● **YOUR INSTRUCTIONS**
Set the listing down again exactly, please, apart from its pictures.
___ INFORMATION PROVIDED ___
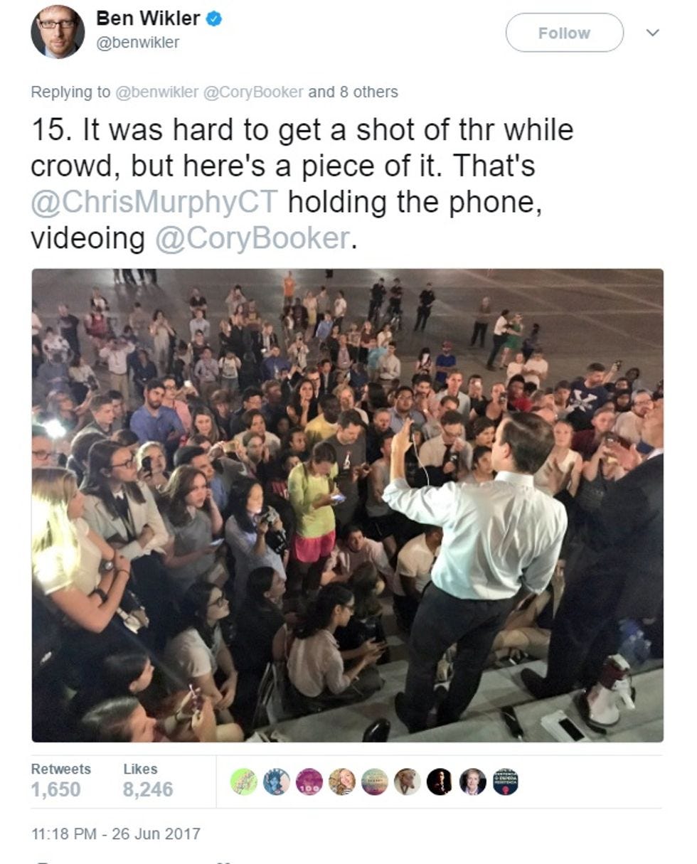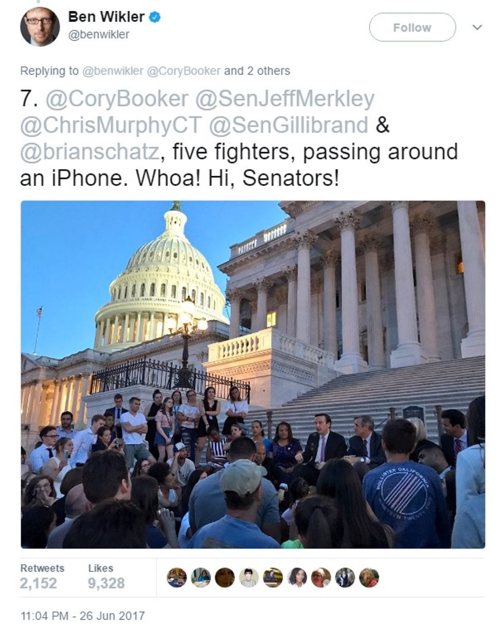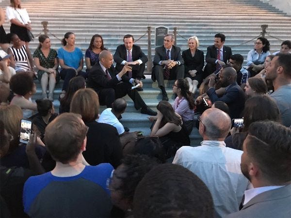 Wikler was actually on Capitol Hill for other business when he got a text telling him to go check out what was happening on the steps of the Senate: a good old-fashioned hippie teach-in by a bunch of liberal senators, who came out to join Booker and Lewis after their turns on the floor:
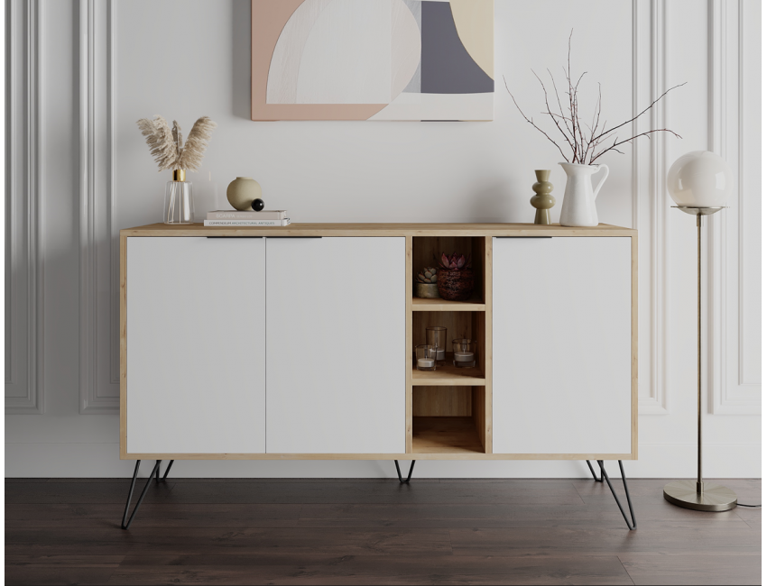 Questa madia è progettata per essere funzionale e facile da abbinare con qualsiasi tipologia di arredamento per soggiorno. Risulta anche molto gradevole esteticamente
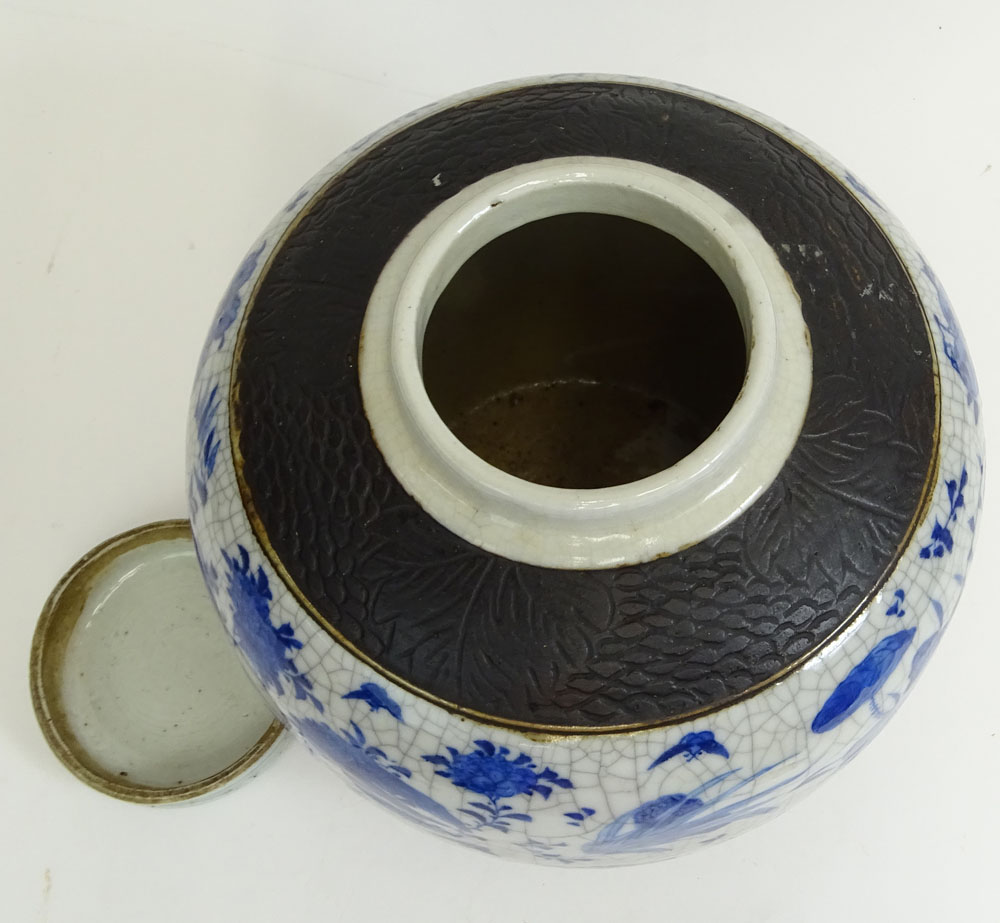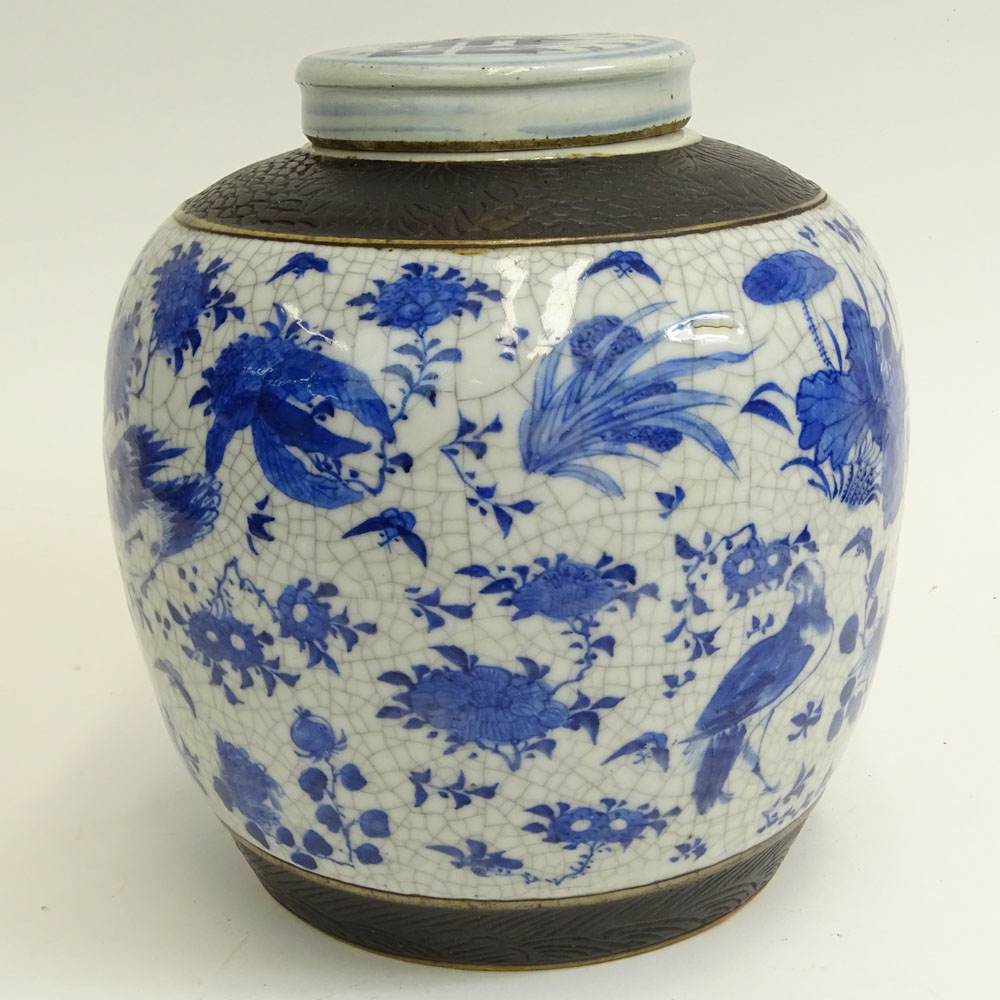 Large Antique Chinese Blue & White Porcelain Ginger Jar With Lid. The body with flower, bird, insect and fruit motif. The lid with double happiness mark. Unsigned. Crazing, minor rubbing. Measures 10-3/4" x 10' dia. Provenance: Collection of Robert Eigelberger, Casa Phippsberger, a prominent Palm Beach, Florida estate. Shipping $165.00 (estimate $200-$300)
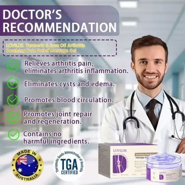 Approved by orthopedic specialists, LOVILDS™ Turmeric & Emu Oil Arthritis Pain Relief Massage Gel delivers fast relief, soothing pain in just 3 minutes. It restores joint mobility within 3 days and supports full arthritis recovery in just 7 days. Formulated with natural anti-inflammatory ingredients like organic turmeric and pure emu oil, this gel penetrates deeply to reduce inflammation, lubricate joints, and promote long-term healing. Clinically proven and easy to use, it’s the ultimate solution for arthritis sufferers seeking quick relief and lasting recovery.
___
● **EXERCISE OUTPUT**
 Wikler was actually on Capitol Hill for other business when he got a text telling him to go check out what was happening on the steps of the Senate: a good old-fashioned hippie teach-in by a bunch of liberal senators, who came out to join Booker and Lewis after their turns on the floor:
 Questa madia è progettata per essere funzionale e facile da abbinare con qualsiasi tipologia di arredamento per soggiorno. Risulta anche molto gradevole esteticamente
 Large Antique Chinese Blue & White Porcelain Ginger Jar With Lid. The body with flower, bird, insect and fruit motif. The lid with double happiness mark. Unsigned. Crazing, minor rubbing. Measures 10-3/4" x 10' dia. Provenance: Collection of Robert Eigelberger, Casa Phippsberger, a prominent Palm Beach, Florida estate. Shipping $165.00 (estimate $200-$300)
 Approved by orthopedic specialists, LOVILDS™ Turmeric & Emu Oil Arthritis Pain Relief Massage Gel delivers fast relief, soothing pain in just 3 minutes. It restores joint mobility within 3 days and supports full arthritis recovery in just 7 days. Formulated with natural anti-inflammatory ingredients like organic turmeric and pure emu oil, this gel penetrates deeply to reduce inflammation, lubricate joints, and promote long-term healing. Clinically proven and easy to use, it’s the ultimate solution for arthritis sufferers seeking quick relief and lasting recovery.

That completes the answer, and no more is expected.